Consider this passage from a Washington Post article describing some of the new spending Democrats intend that nonetheless could be left out of the $3.5 trillion plan:

The plan is also likely to shorten the duration of Biden’s proposed social spending programs relative to the initial White House plan. The president’s jobs package, for instance, called for extending a more robust Child Tax Credit through 2025; congressional Democrats’ package could do so for fewer years, said the people familiar with the matter, though the duration has not yet been determined.

The “more robust Child Tax Credit” refers to newly expanded federal payments to most American parents, which were increased in March in another trillion-dollar law to as much as $3,600 per child per year. Starting this week, those payments will reach tens of millions of households in monthly installments. And for the first time since this program began in the 1990s, those amounts are payable even to parents who are “unwilling to work,” as Rep. Alexandria Ocasio-Cortez (D-NY) famously put it in 2019. That will revive welfare checks for millions of nonworking households, effectively overturning successful pro-work welfare reforms.

U.S. Senate Majority Leader Chuck Schumer smiles from behind a mock U.S. Treasury check as he holds a press conference on the expanded Child Tax Credit payments.
REUTERS/Kevin Lamarque

But under current law that “more robust” policy is in place only for this year. That means if it is not extended in future legislation, maximum payments will return to their former level of $2,000 per child next year. Those payments would once again vary based on work (non-workers wouldn’t get checks), earnings (low-income parents who earn more would get bigger payments), and taxes (only parents who earn enough to owe federal income taxes would get the full amount). And after 2025, the $2,000 payment will drop to the $1,000 level that preceded the 2017 Trump tax reform law.

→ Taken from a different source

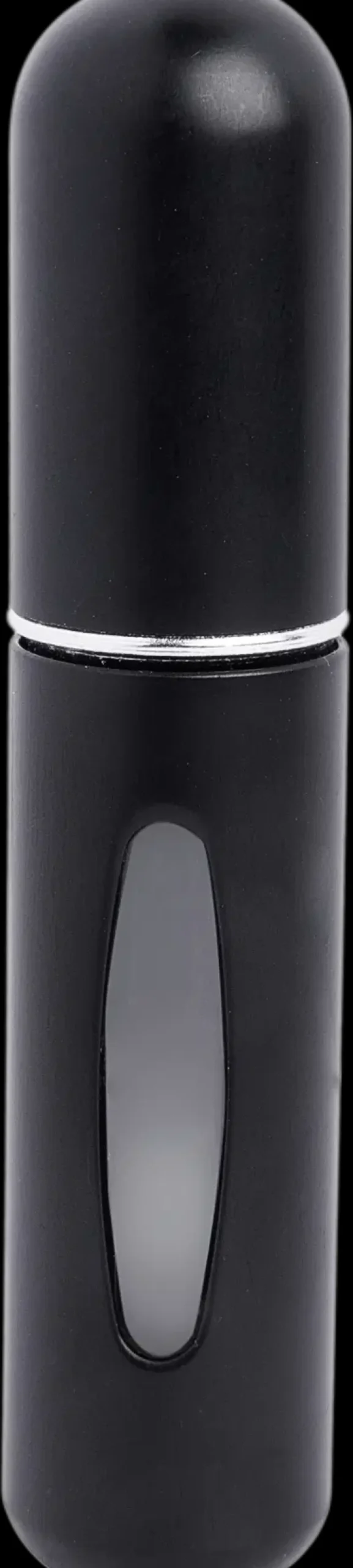 Täytettävä alumiininen parfyymipullo, tilavuus 5 ml. Täytä matkakokoinen parfyymipullo vaivattomasti suihkuttamalla tuoksua pohjan silikoniaukon lävitse. Irrota hajuvedestäsi sumutekorkki, aseta putki täyttöpullon pohjaan olevaan reikään ja painele täyttöpulloa alaspäin. Täyttöpullo täyttyy painelemalla, pullon reunasta näkyy kuinka paljon hajuvettä pullossa on. Täytettävä parfyymipullo on helppo ottaa matkalle mukaan. Huom! Soveltuu yleisimmin käytössä olevien n. 3 mm kokoisista suuttimista täyttämiseen. Ei sovellu 4 mm tai siitä isommista suuttimista täyttämiseen!

Yet despite vows by the Biden administration and congressional supporters to permanently extend this year’s “more robust” policy, the latest $3.5 trillion spending plan assumes nothing of the sort. As the Washington Post notes, the plan may not even assume the four-year extension called for in President Biden’s own American Family Plan. Instead, it could budget for “fewer years” of expanded checks as a way of restraining the plan’s already massive $3.5 trillion sticker price. For example, if the plan assumes just a two-year extension of current law at a cost of about $100 billion per year, that would omit about $200 billion from the cost of Biden’s own four-year plan.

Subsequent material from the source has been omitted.